A cara revela perturbação. Depois de anos de relutância, enfim, o diagnóstico que não desejo admitir da maldita depressão. 

Terrível? Não, normal. O mal do pecado tem seus efeitos. Nós só temos cáries, ou obesidade, ou gripe, ou câncer, ou diabetes, ou alzheimer, ou covid, ou enxaqueca, ou má-formação, ou doenças genéticas, ou osteoporose, ou depressão, ou síndrome de down, ou úlceras, ou catapora, ou qualquer outra doença, desordem ou anomalia porque o mal do pecado atinge a todos e de variadas formas, comprometendo não apenas a nossa comunhão com Deus e a nossa espiritualidade (que com a regeneração pelo Evangelho são prontamente restauradas) e a nossa integridade moral (que com a santificação é corrigida ao longo da vida), e as nossas concepções, anseios e racionalidade (que com o processo de assimilação da Verdade são redirecionados para o propósito correto), mas, também compromete a nossa saúde física, a carne, com chagas, com defeitos, com vulnerabilidade, desajustes e com a irremediável morte (coisas que somente serão sanadas na ressurreição, com a glorificação).

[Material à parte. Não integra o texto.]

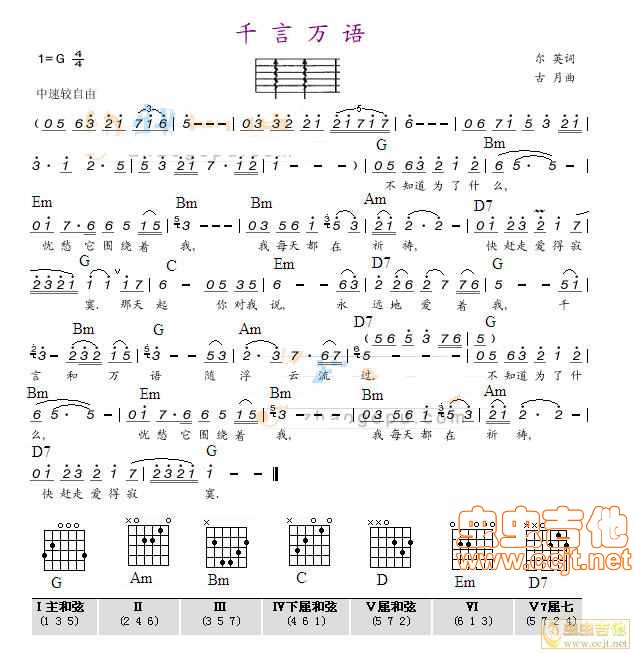 当前位置:琴谱网>吉他弹唱>千言万语
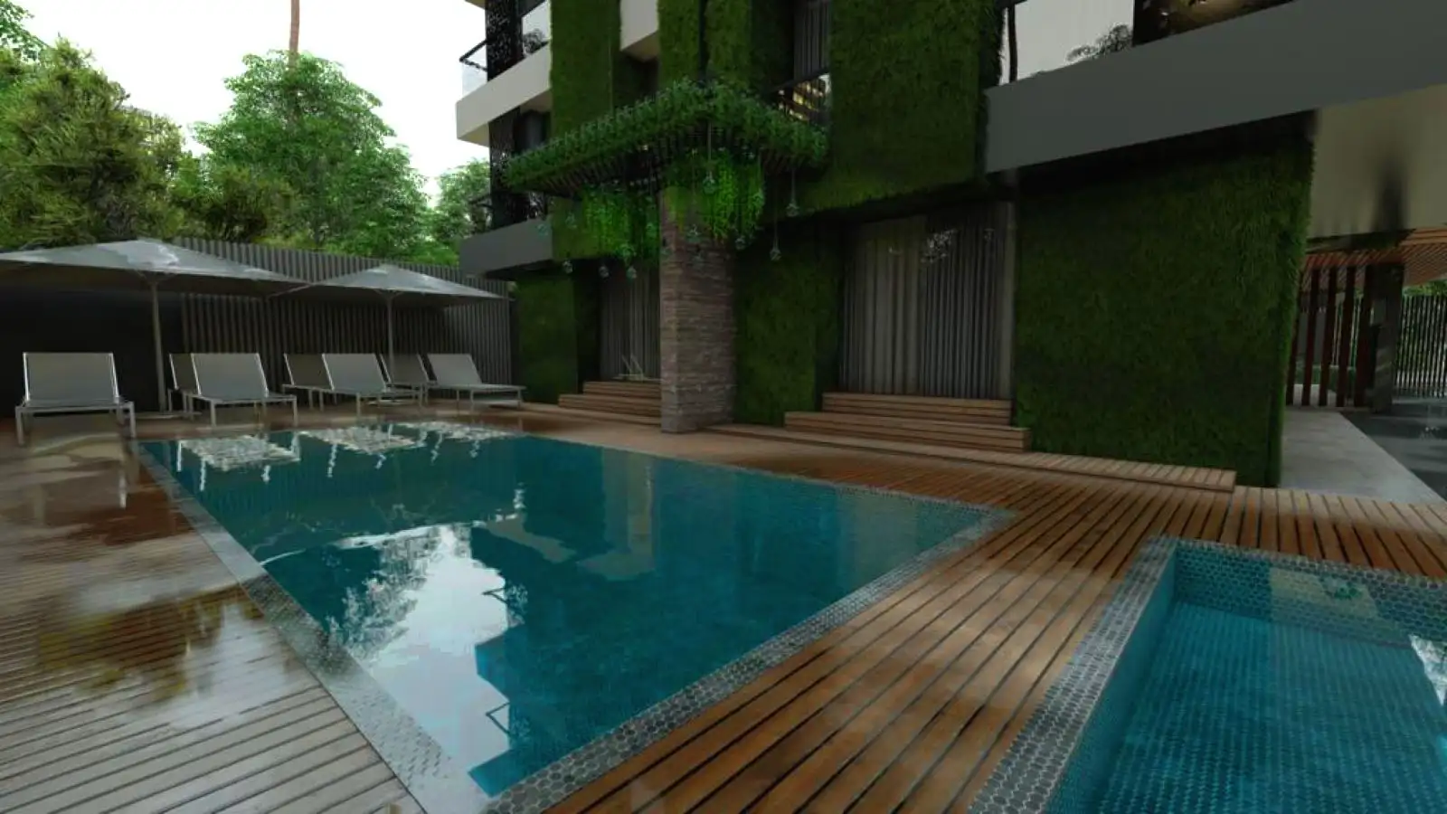 Что в комплексе: На территории будет построен один жилой блок всего на 20 квартир, а также следующая инфраструктура: открытый бассейн, детская площадка, парковка, сад и зона барбекю в нем. В закрытую инфраструктуру комплекса входит лифт, спортивный зал, сауна, парная, видеонаблюдение.;

Sim, a salvação é um processo que começa na eleição, no ato soberano de Deus salvar a quem Ele decidiu salvar, e inclui a regeneração (a conversão à fé em Cristo), e a santificação como processo iniciado na conversão de nos conformarmos paulatinamente ao modelo do Senhor e a glorificação, como desfecho da redenção realizada pelo Senhor e que os remidos obterão na vida após a ressurreição.

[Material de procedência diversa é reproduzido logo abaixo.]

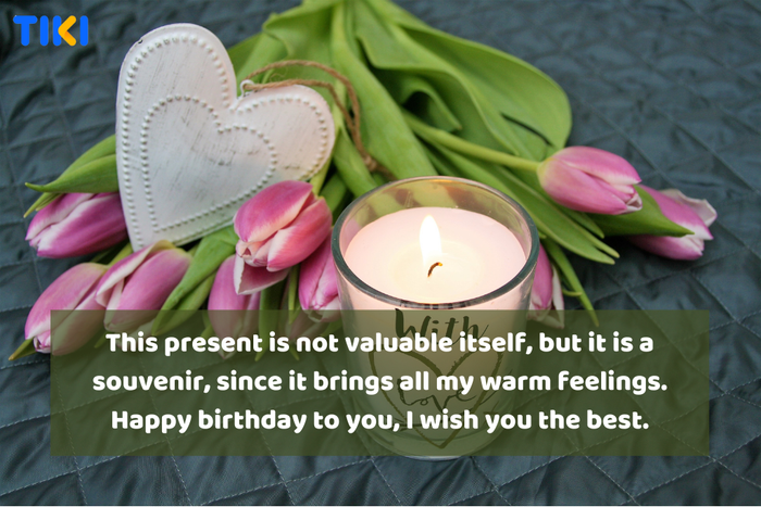 - Món quà này không có giá trị bản thân nó, nhưng nó là một kỷ niệm, vì nó mang đến tất cả những cảm xúc ấm áp của anh. Chúc mừng sinh nhật em, anh mong em có những điều tốt nhất. – This present is not valuable itself, but it is a souvenir, since it brings all my warm feelings. Happy birthday to you, I wish you the best.

No meu caso os efeitos da depressão já não podiam mais ser disfarçados: ansiedade persistente em parte provocadas pelo excesso de pancadas por manter posicionamentos difíceis e caros, por muitas expectativas frustradas, por recomeços, auto-sabotagens, por colocar ideais acima de interesses e por estar quase sempre nadando contra a maré (e isso tem muitos preços). Por autocríticas severas (e críticas aos outros também), oscilações na vontade e no humor, repulsa por utopias e por otimismos terapêuticos que as convenções costumam adotar, repulsa por soluções entorpecedoras e por disfarces que têm efeitos imediatistas nos que são dados a soluções rápidas, práticas e fúteis; pelo descrédito a convenções estupidificantes que estão por todo o derredor, e uma relação oscilante e às vezes torturante com o meu próprio trabalho; e as tentativas, por vezes desesperadas, de encontrar equilíbrio e paz em lugares onde deveria-se velar pela verdade, mas que ao contrário, costumam-se adotar as satisfações momentâneas das convenções que eu aprendi a desprezar e que não pretendo desaprender para barganhar algum bem-estar, mesmo que isso esteja me custando caro, pois aprendi que integridade é coisa muito cara. Os íntegros não se vendem.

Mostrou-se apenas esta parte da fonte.